Collected data entries
<<<<

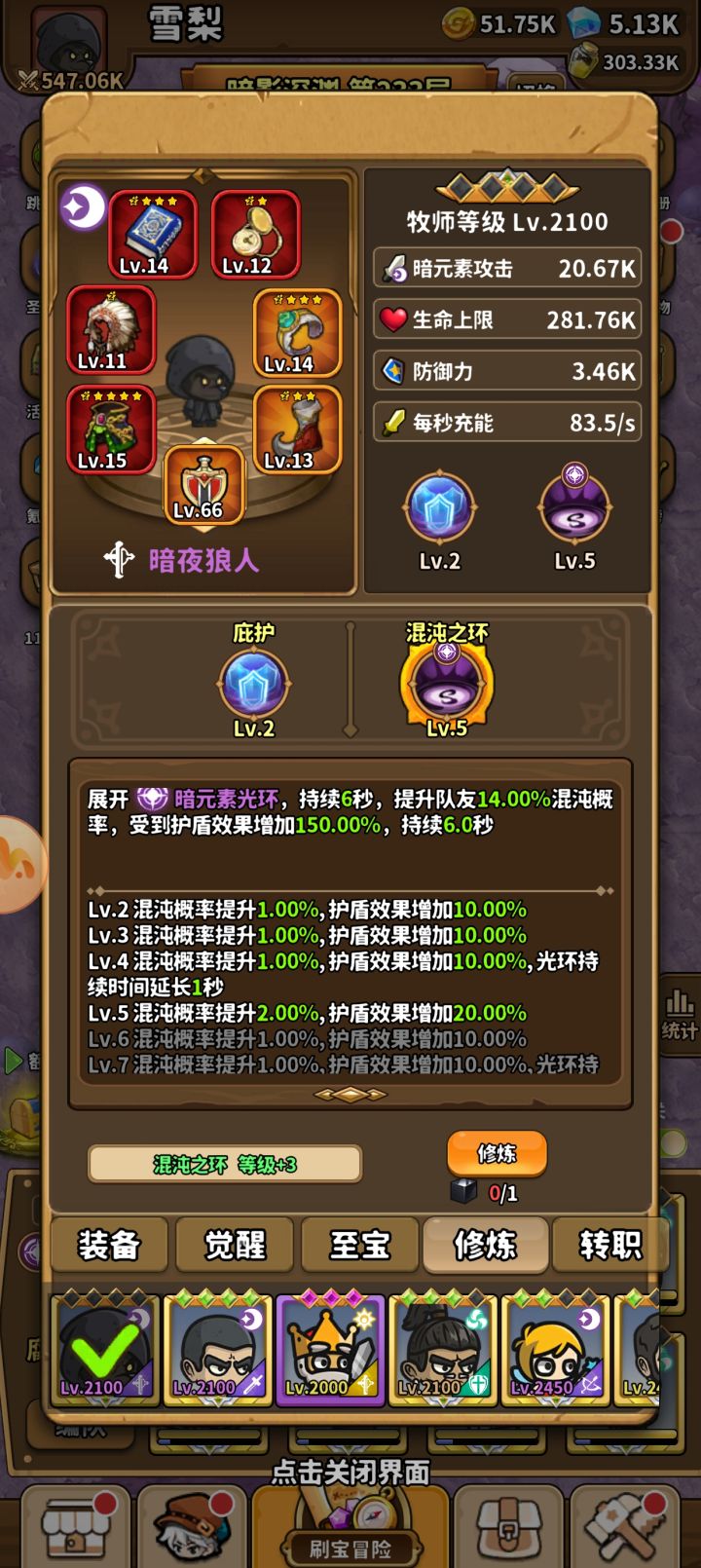 我走的是腐蚀附魔,射手流,再配上暗影狂暴。腐蚀附魔是贯穿物经过暗光环激活后额外附加暗属性伤害,暗影狂暴是暗斩击暗光环触发几率重置普攻。所以有暗光环的牧师-暗夜狼人是核心,原子武士伤害足够高,这两个英雄和暗影狂暴都在一个暗限时池子里。守卫我用追风者,嘲讽加自身高额免伤。因为队伍里没有奶,一般要补一个奶妈,不用奶妈选牧师-愚者(白胡子)是最好的,加能量、大招充能、攻击速度都是很好的辅助,高额护
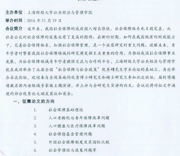 第六届社会保障研究生论坛征文通知
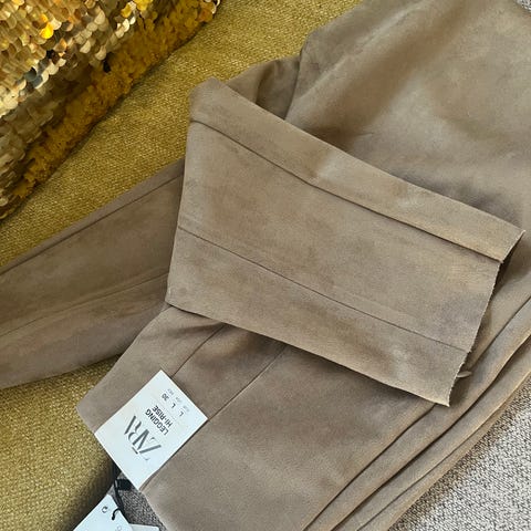 Lys brun – strik. Elastik i livet. Afhentes eller kan sendes med dao for 45 kr. uden omdeling.
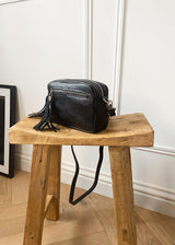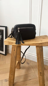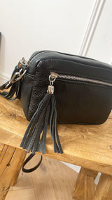 Real leather cross body bag with double tassel, front zip and removable shoulder strap....
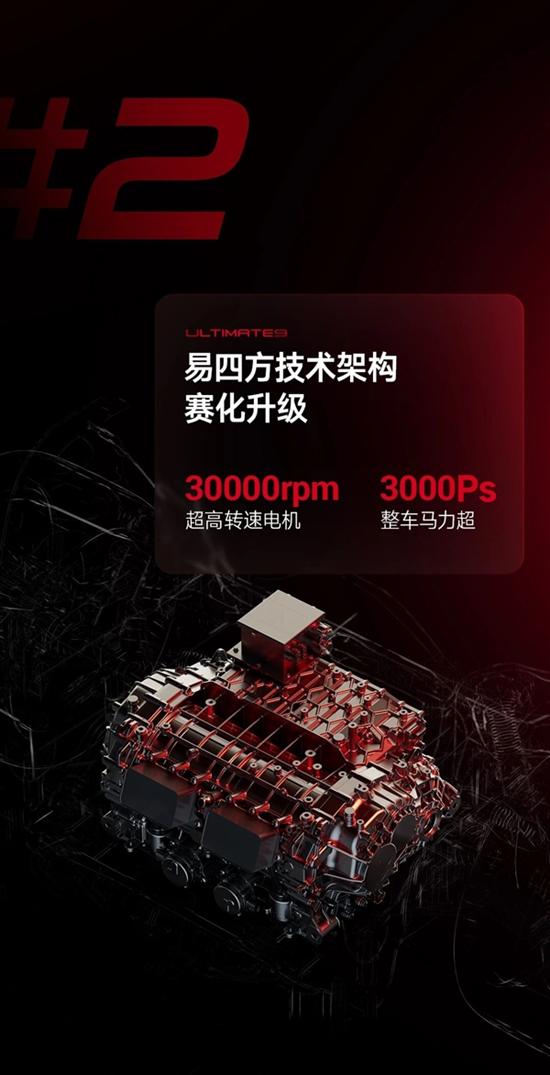 第二,易四方技术平台是仰望U9的动力心脏,它作为全球首个基于30000转高性能电机的四电机平台,单个电机峰值功率高达555kW,系统综合马力超3000Ps。
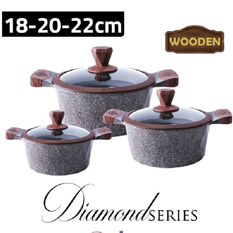 6 پارچه گرانیتی سه قابلمه به سه درب ضد خش، ساییدگی و حریق درب پیرکس با دریچه بخار مخفی دستگیره چوبی و دمکن سیلیکونی
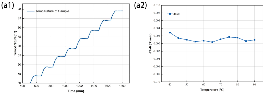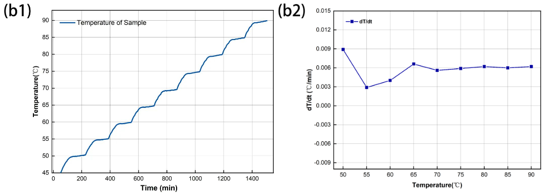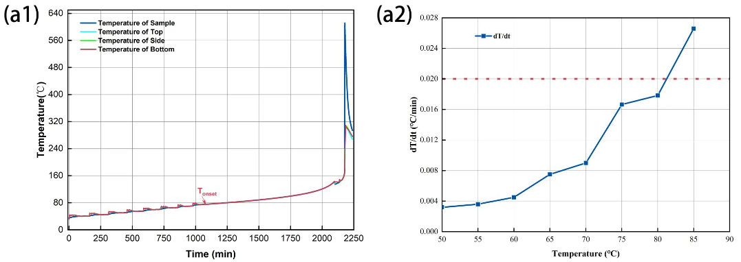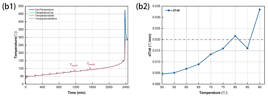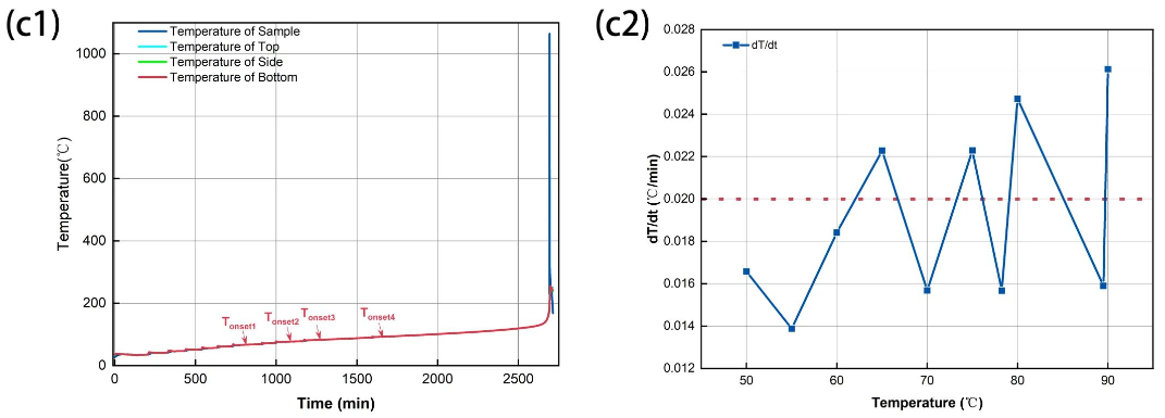 3) 只存在一个Tonset温度。图7b出现2个Tonset,上述现象有一定概率会发生,可能与SEI膜分解和再生的动态平衡有关,但更可能是校准文件不理想带来的结果;图7c使用图4c的校准文件进行测试,相邻台阶的温升速率无规波动,可能出现多次检出Tonset的反常结果。
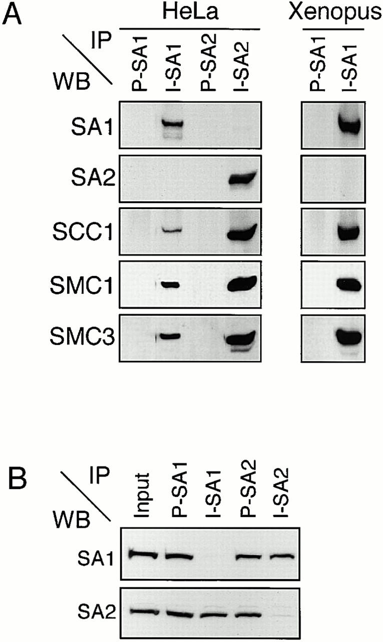 Figure 2. SA1 and SA2 are subunits of two distinct human 14S cohesin complexes. (A) Low-speed supernatant of extracts from logarithmically growing HeLa cells or Xenopus interphase egg extracts were analyzed by immunoprecipitation (IP) with either preimmune (P) or immune antibodies (I) against SA1 (444) or SA2 (446) and analyzed by SDS-PAGE and Western blotting (WB) with antibodies to the indicated proteins. (B) HeLa extracts were immunodepleted as in A and the resulting supernatant fractions were analyzed by SDS-PAGE and immunoblotting with SA1 (444) and SA2 (446) antibodies.
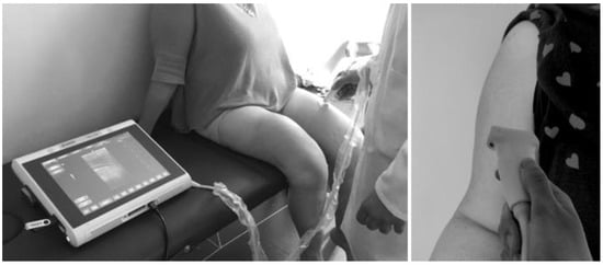 An ultrasound device (MyLab One, Esaote, Genoa, Italy) with a linear array transducer (SL3323, Esaote, Genoa, Italy) with a variable frequency of up to 22 MHz was used for the muscle B-mode ultrasound examination. The US parameters were 70% gain, and the default settings for the grayscale map and the dynamic range were selected. The exported image had a size of 800 × 652 px with 96 dpi. The examiner had more than 4 years of experience in musculoskeletal ultrasound in a clinical context.
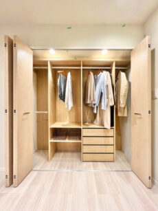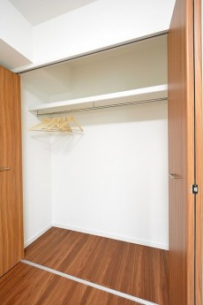 収納は大きなクローゼット。ハンガーパイプや棚、引き出しなどが付いていて洋服をバランスよく収納することが可能です。奥行きがあって手前に背の高いものが入るのも有難いですね。
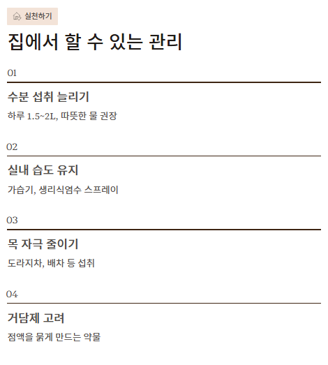 이 경우 가래가 생기는 원인을 줄이려면 금연, 공기청정기 사용, 마스크 착용, 하루 1.5~2L 수분 섭취가 기본 전략이다.
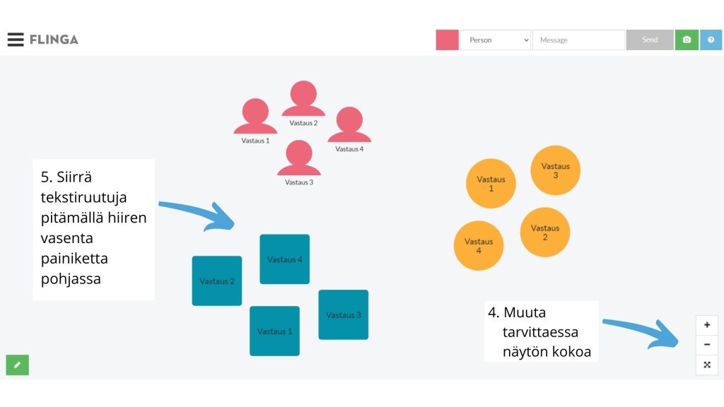 - Siirrä tekstiruutuja pitämällä hiiren vasenta painiketta pohjassa: voit vapaasti ryhmitellä ja yhdistellä tekstiruutuja Flinga-taulun sisällä.
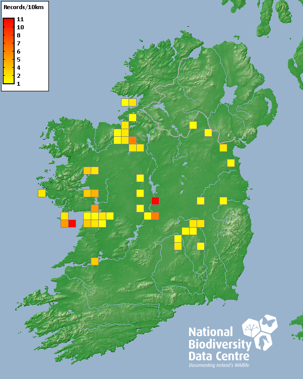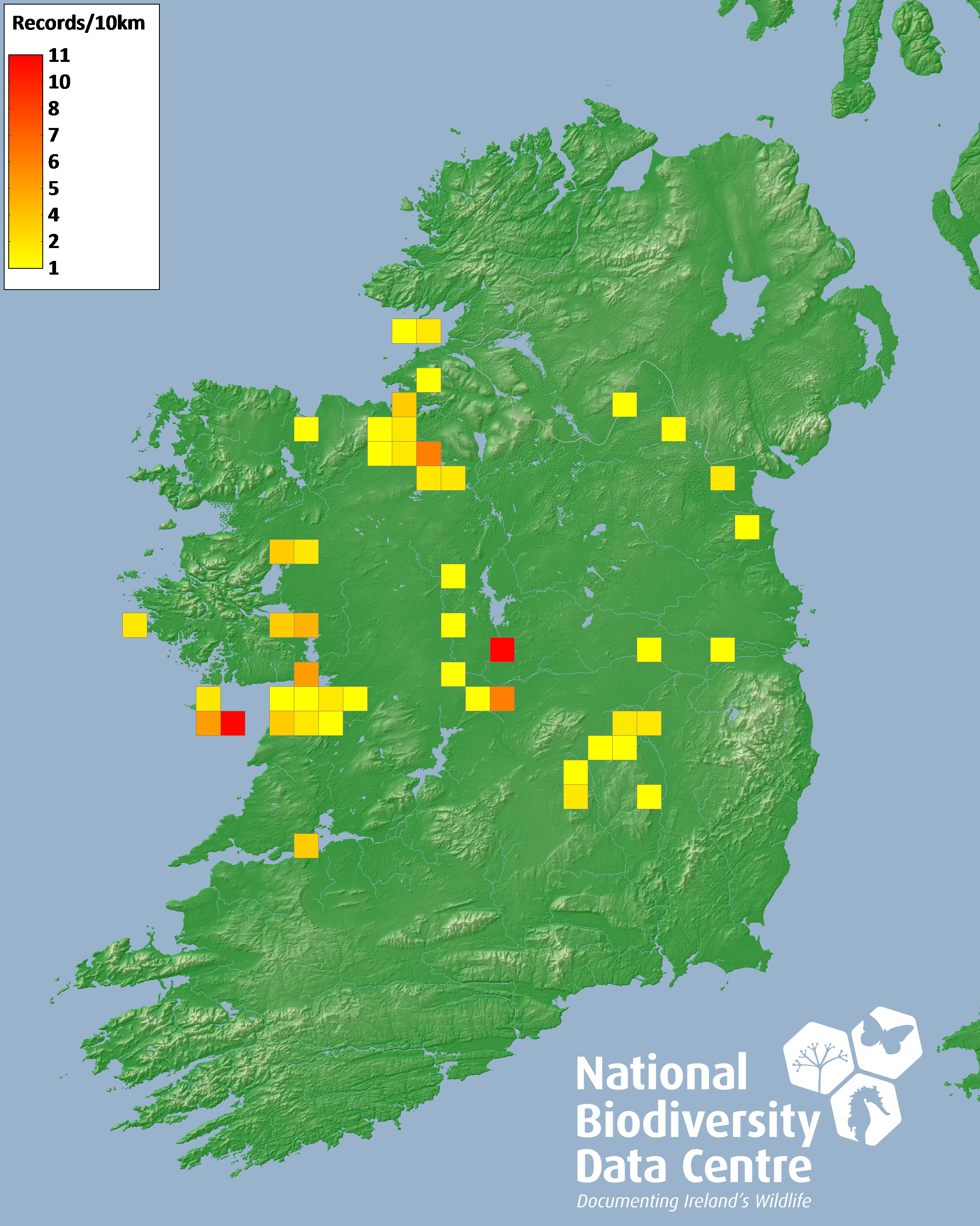 Distribution of the number of records recorded within each 10km grid square (ITM).Marine Map - 50km
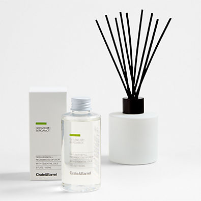 In stock and ready to ship Loading...Crate & BarrelSKU 392422Geranium + Bergamot Diffuser$29.95Free Shipping Eligible0 of 1 purchasedAdd to Cart
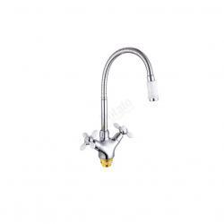Смеситель для кухни с высоким изливом. Хром-белый.
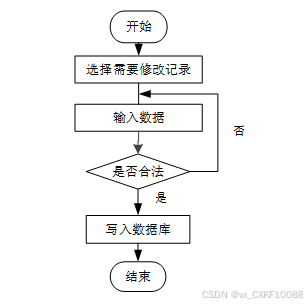 用户首先选择需要修改的记录,输入修改后的数据,系统判断输入数据是否合法。若数据不合法,提示重新输入;若数据合法,则将修改后的数据写入数据库,完成操作后流程结束。修改信息流程图如图3-7所示。
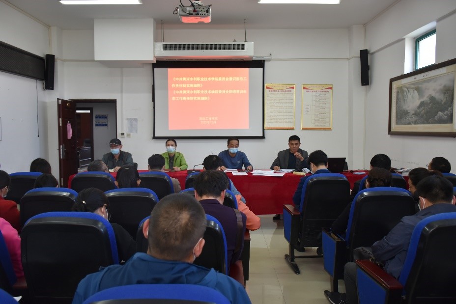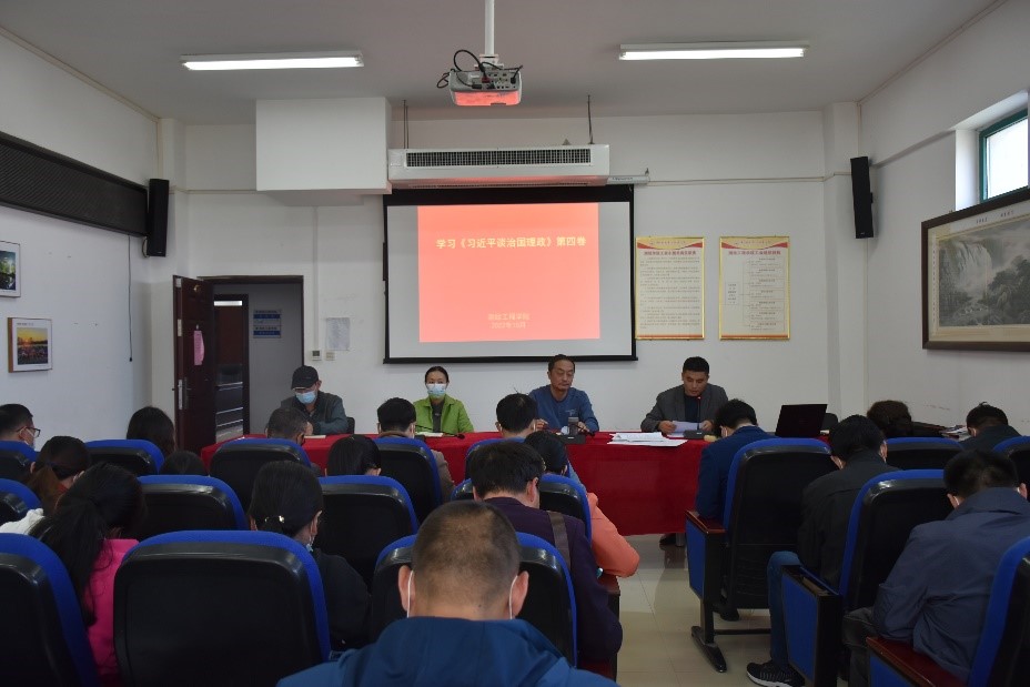 10月11日,测绘工程学院全体教师在学院会议室SY5434进行政治理论学习,学生测绘工程一支部书记李忠旺领学《中共黄河水利职业技术学院委员会意识形态工作责任制实施细则》《中共黄河水利职业技术学院委员会网络意识形态工作责任制实施细则》和《习近平谈治国理政》第四卷等相关内容。
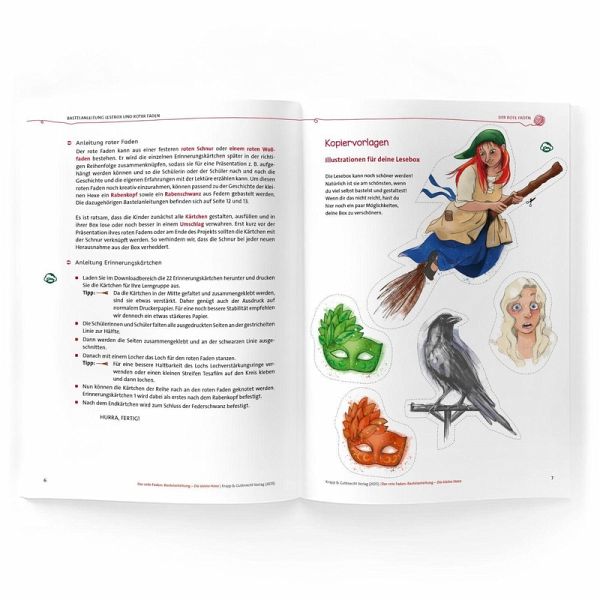 Schritt-für-Schritt-Bauanleitung für die individuelle Lesebox und den roten Faden Erinnerungskärtchen für alle Kapitel - zum Ausdrucken und kreativen Gestalten eine fertige Lesebox mit Stickerbogen zur Dekoration der Lesebox sowie ein Satz der Erinnerungskärtchen in A5 Format - für eine individuelle und bunte Gestaltung Bastelanleitungen für Abraxas, den treuen Raben - inklusive Kopf- und Schwanzdekorationen Zugang zum Downloadbereich mit Kopiervorlagen und Illustrationen zur Gestaltung der Lesebox

>>>>

§ **AIM OF THE EXERCISE**:
Every line of the records above should be reproduced exactly, with no pictures included.

§ **PROBLEM SOLUTION**:
 我走的是腐蚀附魔,射手流,再配上暗影狂暴。腐蚀附魔是贯穿物经过暗光环激活后额外附加暗属性伤害,暗影狂暴是暗斩击暗光环触发几率重置普攻。所以有暗光环的牧师-暗夜狼人是核心,原子武士伤害足够高,这两个英雄和暗影狂暴都在一个暗限时池子里。守卫我用追风者,嘲讽加自身高额免伤。因为队伍里没有奶,一般要补一个奶妈,不用奶妈选牧师-愚者(白胡子)是最好的,加能量、大招充能、攻击速度都是很好的辅助,高额护
 第六届社会保障研究生论坛征文通知
 Lys brun – strik. Elastik i livet. Afhentes eller kan sendes med dao for 45 kr. uden omdeling.
 Real leather cross body bag with double tassel, front zip and removable shoulder strap....
 第二,易四方技术平台是仰望U9的动力心脏,它作为全球首个基于30000转高性能电机的四电机平台,单个电机峰值功率高达555kW,系统综合马力超3000Ps。
 6 پارچه گرانیتی سه قابلمه به سه درب ضد خش، ساییدگی و حریق درب پیرکس با دریچه بخار مخفی دستگیره چوبی و دمکن سیلیکونی
 3) 只存在一个Tonset温度。图7b出现2个Tonset,上述现象有一定概率会发生,可能与SEI膜分解和再生的动态平衡有关,但更可能是校准文件不理想带来的结果;图7c使用图4c的校准文件进行测试,相邻台阶的温升速率无规波动,可能出现多次检出Tonset的反常结果。
 Figure 2. SA1 and SA2 are subunits of two distinct human 14S cohesin complexes. (A) Low-speed supernatant of extracts from logarithmically growing HeLa cells or Xenopus interphase egg extracts were analyzed by immunoprecipitation (IP) with either preimmune (P) or immune antibodies (I) against SA1 (444) or SA2 (446) and analyzed by SDS-PAGE and Western blotting (WB) with antibodies to the indicated proteins. (B) HeLa extracts were immunodepleted as in A and the resulting supernatant fractions were analyzed by SDS-PAGE and immunoblotting with SA1 (444) and SA2 (446) antibodies.
 An ultrasound device (MyLab One, Esaote, Genoa, Italy) with a linear array transducer (SL3323, Esaote, Genoa, Italy) with a variable frequency of up to 22 MHz was used for the muscle B-mode ultrasound examination. The US parameters were 70% gain, and the default settings for the grayscale map and the dynamic range were selected. The exported image had a size of 800 × 652 px with 96 dpi. The examiner had more than 4 years of experience in musculoskeletal ultrasound in a clinical context.
 収納は大きなクローゼット。ハンガーパイプや棚、引き出しなどが付いていて洋服をバランスよく収納することが可能です。奥行きがあって手前に背の高いものが入るのも有難いですね。
 이 경우 가래가 생기는 원인을 줄이려면 금연, 공기청정기 사용, 마스크 착용, 하루 1.5~2L 수분 섭취가 기본 전략이다.
 - Siirrä tekstiruutuja pitämällä hiiren vasenta painiketta pohjassa: voit vapaasti ryhmitellä ja yhdistellä tekstiruutuja Flinga-taulun sisällä.
 Distribution of the number of records recorded within each 10km grid square (ITM).Marine Map - 50km
 In stock and ready to ship Loading...Crate & BarrelSKU 392422Geranium + Bergamot Diffuser$29.95Free Shipping Eligible0 of 1 purchasedAdd to Cart
Смеситель для кухни с высоким изливом. Хром-белый.
 用户首先选择需要修改的记录,输入修改后的数据,系统判断输入数据是否合法。若数据不合法,提示重新输入;若数据合法,则将修改后的数据写入数据库,完成操作后流程结束。修改信息流程图如图3-7所示。
 10月11日,测绘工程学院全体教师在学院会议室SY5434进行政治理论学习,学生测绘工程一支部书记李忠旺领学《中共黄河水利职业技术学院委员会意识形态工作责任制实施细则》《中共黄河水利职业技术学院委员会网络意识形态工作责任制实施细则》和《习近平谈治国理政》第四卷等相关内容。
 Schritt-für-Schritt-Bauanleitung für die individuelle Lesebox und den roten Faden Erinnerungskärtchen für alle Kapitel - zum Ausdrucken und kreativen Gestalten eine fertige Lesebox mit Stickerbogen zur Dekoration der Lesebox sowie ein Satz der Erinnerungskärtchen in A5 Format - für eine individuelle und bunte Gestaltung Bastelanleitungen für Abraxas, den treuen Raben - inklusive Kopf- und Schwanzdekorationen Zugang zum Downloadbereich mit Kopiervorlagen und Illustrationen zur Gestaltung der Lesebox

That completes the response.